TF: Ask them the right questions. I think you have to have your wits about you, you have to have your drink knowledge, and then you have to also just throw that away sometimes. You have to listen to the guests. They want something, they usually know exactly what they want. If you ask the right questions, you'll probably get the perfect cocktail for them. Get to know people. Don't try to make them fill out a form.

I had a great guest that came in who was interested in, but didn't know a lot about whiskey, and she asked "can you tell the difference between a $85 bottle of whiskey and a $11 bottle of whiskey?" Then I asked her what her hobbies were. She said she was super into fitness and going to gyms. After a while, I asked her, well, can you tell the difference between a $11 a month gym and a $85 a month gym? And then we figured her out and she drank some whiskey.


DP: If you could have a drink with any famous person, living or dead, who would it be and what would you drink?

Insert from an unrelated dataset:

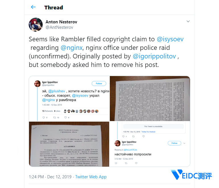 今天,当NGINX员工在Twitter上发布了搜查令的屏幕截图时,有关突袭的消息传遍了各个地方。后来他应俄罗斯警方的要求删除了这条推文。突袭已被其他员工确认。

TF: Okay. It would definitely be a standup comedian just because of outside the box thinking. Probably someone like George Carlin, me and him, we drink old fashions, and we talk about thoughts that we have that kept us out of the good schools. That's one of those weird quotes that I thought about throughout my life. He would make interesting observations, like, "why do we park in driveways and drive in parkways?" He would go on a rant, and then at the end, he'd say, "these are the kind of thoughts that kept me out of the good schools," and for some reason, that stuck with me. So I would love that. He's definitely someone that my grandfather, father, and I were able to sit down and watch together. I'd just love to pick a man's brain like that.